ExxonMobil an integrated oil company. It starts it business with exploration and production of crude oil and natural gas, then to production of petroleum products, and finally transportation and sale of the crude oil, natural gas and petroleum products. Oil prices are up 50 percent. From the lows of January 2016. ExxonMobil has achieved free cash flow neutrality (cash from operations covers capital expenditure, dividends, and share repurchases). The stock also offers a 3.3 percent dividend yield.
Johnson & Johnson (JNJ)
Johnson & Johnson is the world’s largest and diversified healthcare company. Its revenue is divided among the pharmaceutical, medical device, and consumer divisions. The company should continue to benefit from the aging population and rising standards of living. The company enjoys an AAA-rating on the balance sheet, produces free cash flow, and generates above-average returns on the equity. It has a 2.8 percent dividend yield.All these factors make Johnson & Johnson secure a spot on the list of the stocks to buy in 2017.
The home improvement sector is an attractive area in retail. LOW’s operates a duopoly with competitor Home Depot, while the remaining are small competitors. They also offer immunity from online competition from Amazon.com. These characteristics are rare in the retail sector. Their earnings growth has been very strong in the last few years as solid sales combined with margin expansion has led to producing high-teens EPS growth. Based on positive sales and margin trends, the company will continue to put up double-digit EPS growth for several more years.
Better known for Windows operating system, it is a productivity software powerhouse that has moved to the cloud and a subscription-based revenue model.

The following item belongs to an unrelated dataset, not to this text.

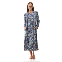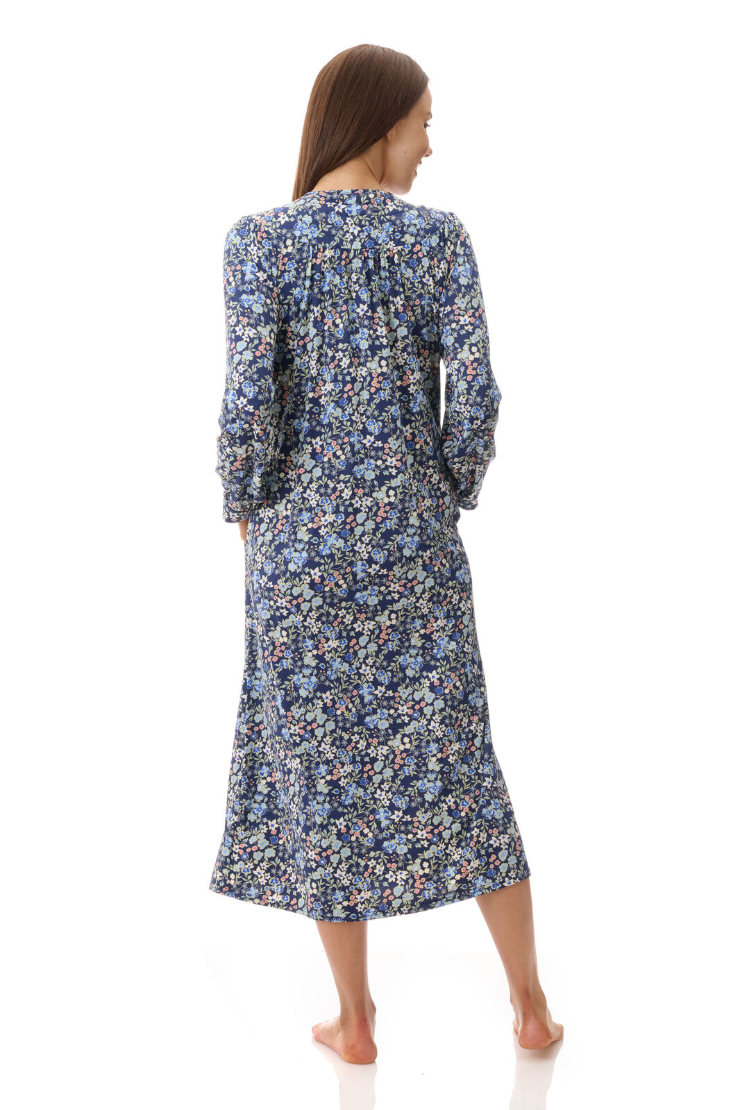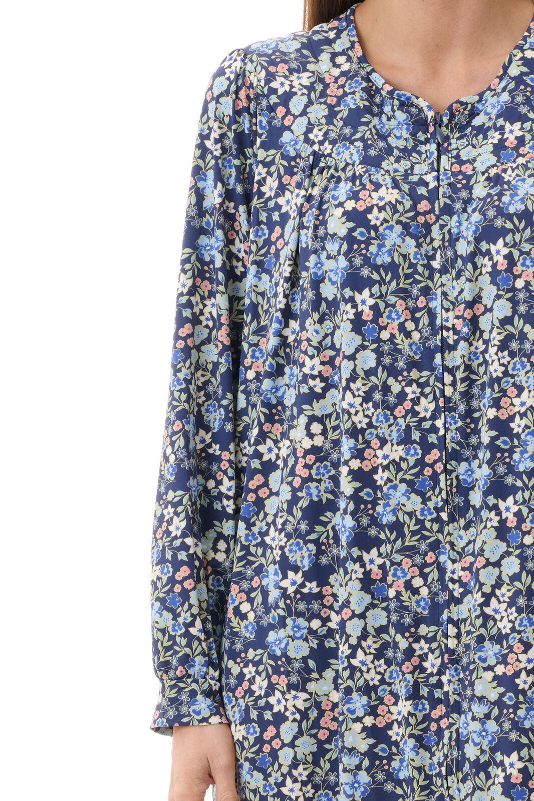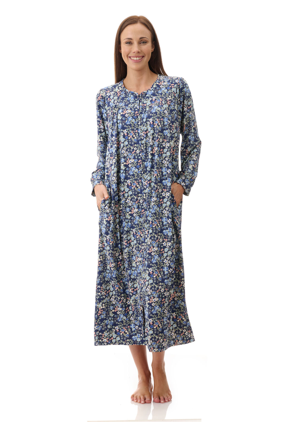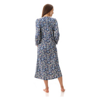 The "Ariel" long sleeve brunchcoat features a rich navy blue floral print, delivering a timeless and elegant look that complements any winter sleepwear collection. The silky knit fabric, made from a nylon and elastane blend, provides gentle stretch and freedom of movement, making it perfect for those searching for zip front robes, lightweight dressing gowns, or comfortable women’s lounge robes in Australia.

Azure is Microsoft’s flexible and open enterprise, a cloud computing platform that has become number two to Amazon. Microsoft office and server tools appeal to the commercial enterprises. In 2017 the subscription revenue was large enough to offset the loss of one-time software sales. The stock is trading at 20.7 times estimated CY17 EPS.
Sprouts Farmers Market (SFM)
Shares of Sprouts Farmers Market have suffered due to intense competition and food price deflation. The company operates healthy grocery stores that offer fresh, natural, non-GMO and organic food. The company sits at the crossroads of natural/organic, affordability and accessibility. Their prices are 20 percent-25 percent below traditional supermarkets. Sprouts attract everyday shoppers and the hardcore natural foods customer.
United Technologies (UTX)
United Technologies is a diversified industrial company which provides various products and services to building systems and aerospace industries across the world. Aerospace targets commercials and government. It has a long record of financial performance with double-digit EPS, cash generation, and rock solid balance sheet. The company offers value to long-term investors; the current dividend yield is 2.4%.